Арэльдэ замерла, как статуя, ее глаза потемнели.
Куруфин молчал.
— Я вижу в нем лишь отражение Эола, — сказал он, наконец.
— Поглядев один раз? — спросил Тьелпе.
Не вытерпев, Арэльдэ вышла вон, хлопнув дверью, прошелестели снаружи ее шаги в сторону гостевых покоев.

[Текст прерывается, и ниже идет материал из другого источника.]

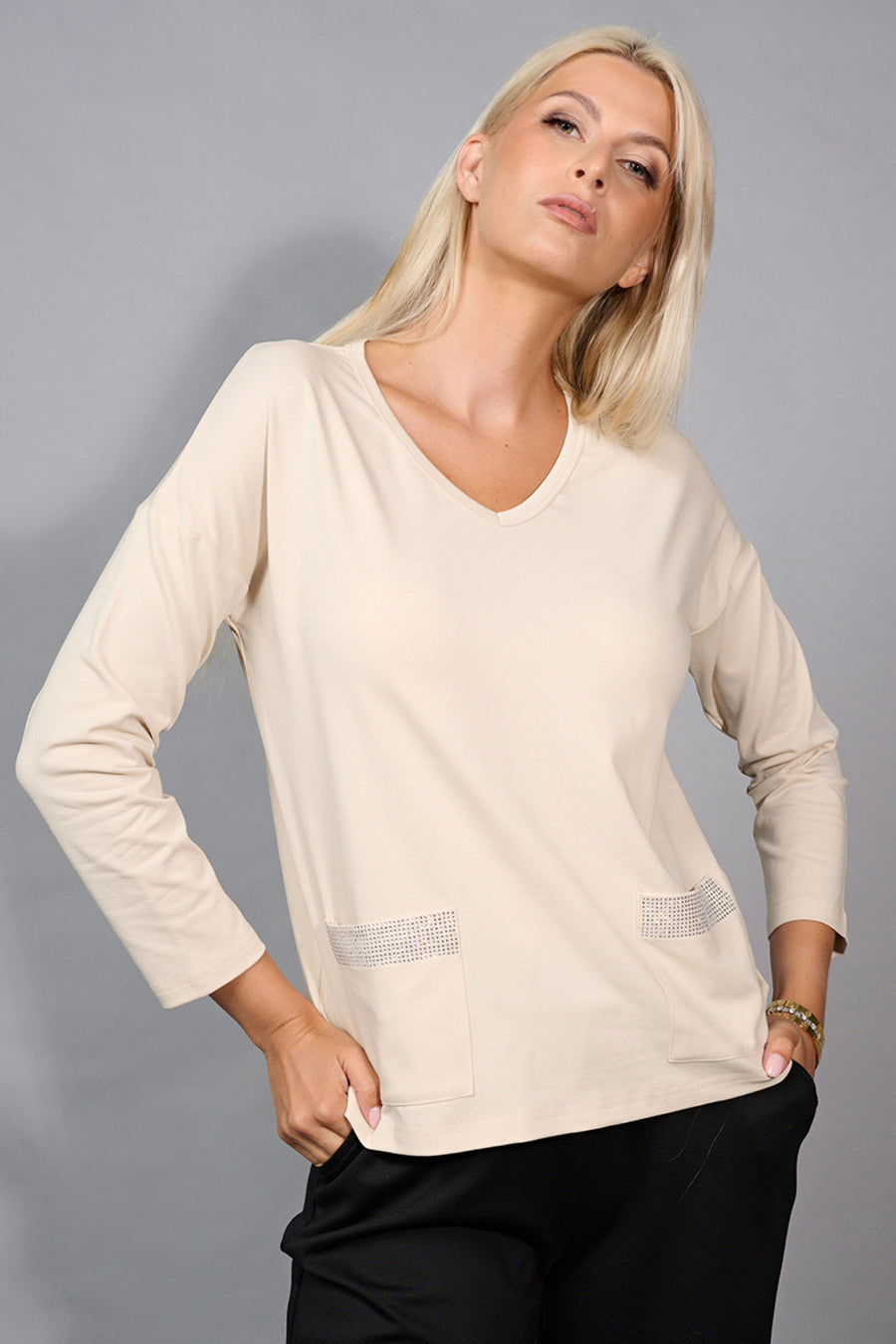 Relaxed with a touch of structure, the V-Neck Top With Pockets is a perfect everyday go-to. Two front patch pockets add casual flair, while the flattering neckline and easy fit make it ideal for layering under jackets or worn over turtlenecks.

— Турко, — Куруфин отпил, наконец, вина и придвинул к себе блюдо с нарезанным мясом. Обтер руки влажной салфеткой. — Расскажи подробнее.
— Мне жаль, что ты не убил его, — сказал Тьелкормо тихо и зло. — А ещё мне кажется, что она ослепла.
— Это твои слова. А ее?
Тьелпе налил себе вина покрепче. Ничего хорошего он сейчас не услышит.
*
Ломион вовсе запутался в днях и ночах. Заснул вечером от досады, и проснулся уже ночью. Нашел маму, дремлющую в одежде, на кресле перед светящимся камнем, и удивился.
— Ты и здесь грустишь, — сказал он ей.
— Я злюсь. Мои братья... Удивительные дураки. Даже самый умный.
— Я им не нравлюсь, — признал Ломион вслух.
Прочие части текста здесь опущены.